I have to admit, these sleeved cable packages made by Corsair for their PSUs are a great value proposition. If someone just wants one specific color of sleeved cables, these are a great deal, especially when you factor in the cost of sleeving materials, and the time involved to sleeve and entire set of cables yourself. The connectors are also of high quality (although different layout than standard PSU connectors, more on that later), and the sleeving material is a tad thinner than the MDPC variants, possibly making things a bit easier when trying to manage your cable clutter.

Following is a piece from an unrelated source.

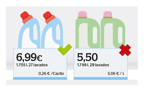 - Precio equivalente en detergentes a máquina. Los precios equivalentes que han de aparecer en los detergentes a máquina es por cacito y no por litro o kilo.

Overall for may individuals, these cable kits are a great buy.

But… not everyone will want these types of kits. I can see three main reasons why these would not be for everyone.
  1. Perfectionists will notice that the heat shrink tubing is not even lengths across the connectors. For those going for looks / beauty, that could be a turn off.
  2. Custom Cable Lengths can make cable management a lot easier. I for one have decided to go that route for this build, but in all fairness I did still use these cables, simply cutting them to my preferred length, re-crimping one side of the cables, and resleeving with MDPC sleeve.
  3. Custom Color selections. Right now these kits seem only to be available in solid colors. Many sleevers like to use multiple colors in their strands. I am using 2 colors in this build (black & blue), hence the need for me to resleeve these cables once I had cut them down as stated above.

So for some, these sleeved kits by Corsair are great time savers and can fit a specific need (single color) very well. For others of a more DYI nature (or OCD / Perfectionists), they will be better off making their own sleeved cables. To the left below is a close-up of a few of the connections from the kit.

7126345917_17246af325_c.jpg
Larger Image

Above right is a picture comparing the connector for an 8-pin CPU Power connection. This is the side that plugs directly into the PSU. This was not a problem, but something I just found to be interesting. The AX1200 has a different connector layout compared to a standard 8-pin CPU connection, as can be seen in the above diagram comparing the two. I had already completed an 8-pin sleeved set before the PSU arrived, only to find out it wouldn’t plug in. Luckily with the MDPC Pin remover, I was able to switch out to the one that comes with the AX1200 in just a few minutes. All is well.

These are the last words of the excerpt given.